-- SOURCE MATERIAL follows --

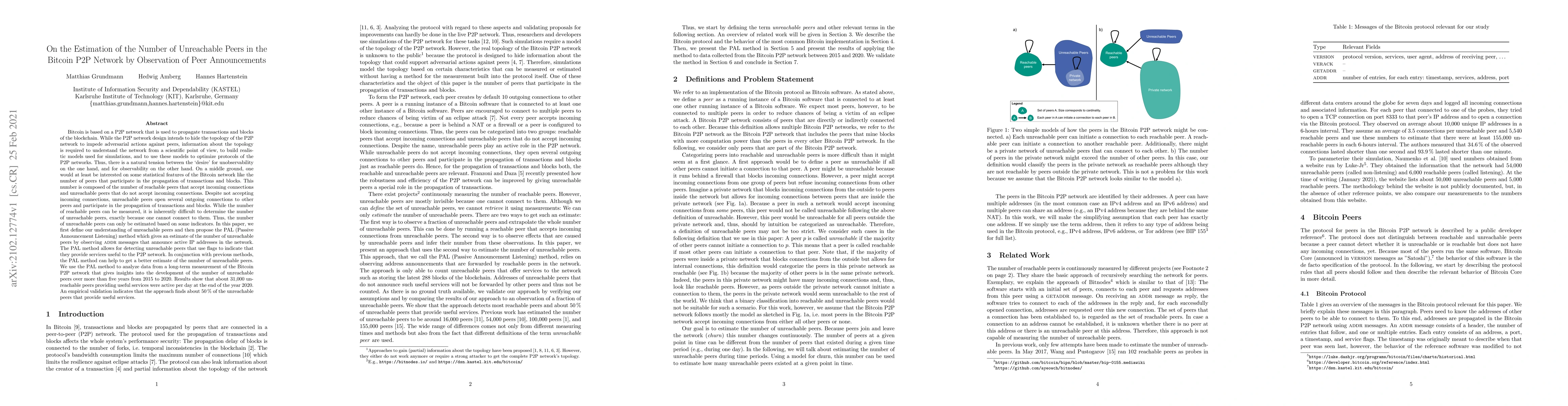 This paper proposes the PAL method to estimate the number of unreachable peers in the Bitcoin P2P network by analyzing ADDR messages. It finds that around 31,000 unreachable peers providing useful services were active daily by the end of 2020, with the method showing an empirical validation of detecting about 50% of such peers.
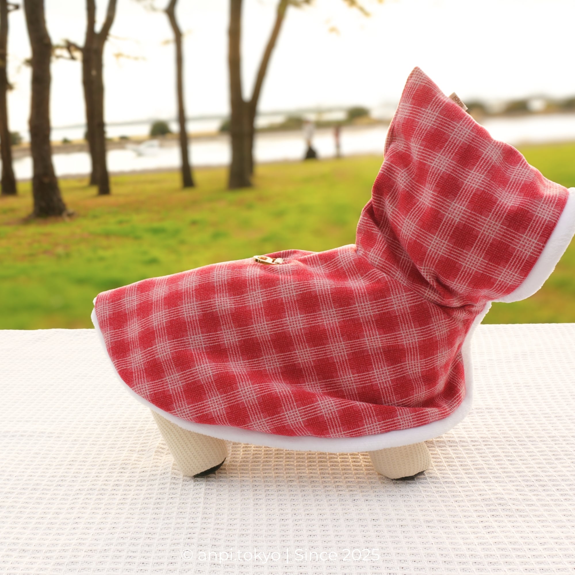 重ね着が苦手な子のための、軽くて安定するフード付きポンチョです。
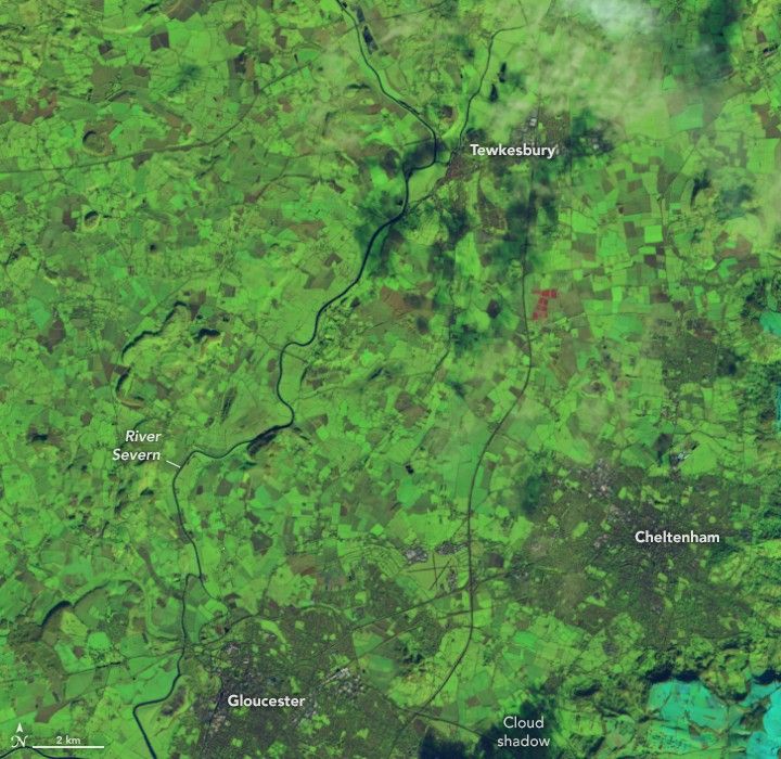 England’s Midlands were some of the worst-hit by the storm, including along the River Severn. The image above (right) shows water overtopping the banks of the Severn near Gloucester on January 3. Hundreds of properties located near the Severn in the West Midlands flooded during the storm, according to news reports. For comparison, the image on the left shows the same area on January 30, 2019. Both images were acquired by the OLI (Operational Land Imager) on Landsat 8 and are false color to emphasize the presence of water, which appears in shades of blue.

-- SOURCE MATERIAL concluded --

▶ [ABOUT THIS EXERCISE]
Write the listing above out again word for word, excluding all images.

▶ [EXERCISE RESULT]
 This paper proposes the PAL method to estimate the number of unreachable peers in the Bitcoin P2P network by analyzing ADDR messages. It finds that around 31,000 unreachable peers providing useful services were active daily by the end of 2020, with the method showing an empirical validation of detecting about 50% of such peers.
 重ね着が苦手な子のための、軽くて安定するフード付きポンチョです。
 England’s Midlands were some of the worst-hit by the storm, including along the River Severn. The image above (right) shows water overtopping the banks of the Severn near Gloucester on January 3. Hundreds of properties located near the Severn in the West Midlands flooded during the storm, according to news reports. For comparison, the image on the left shows the same area on January 30, 2019. Both images were acquired by the OLI (Operational Land Imager) on Landsat 8 and are false color to emphasize the presence of water, which appears in shades of blue.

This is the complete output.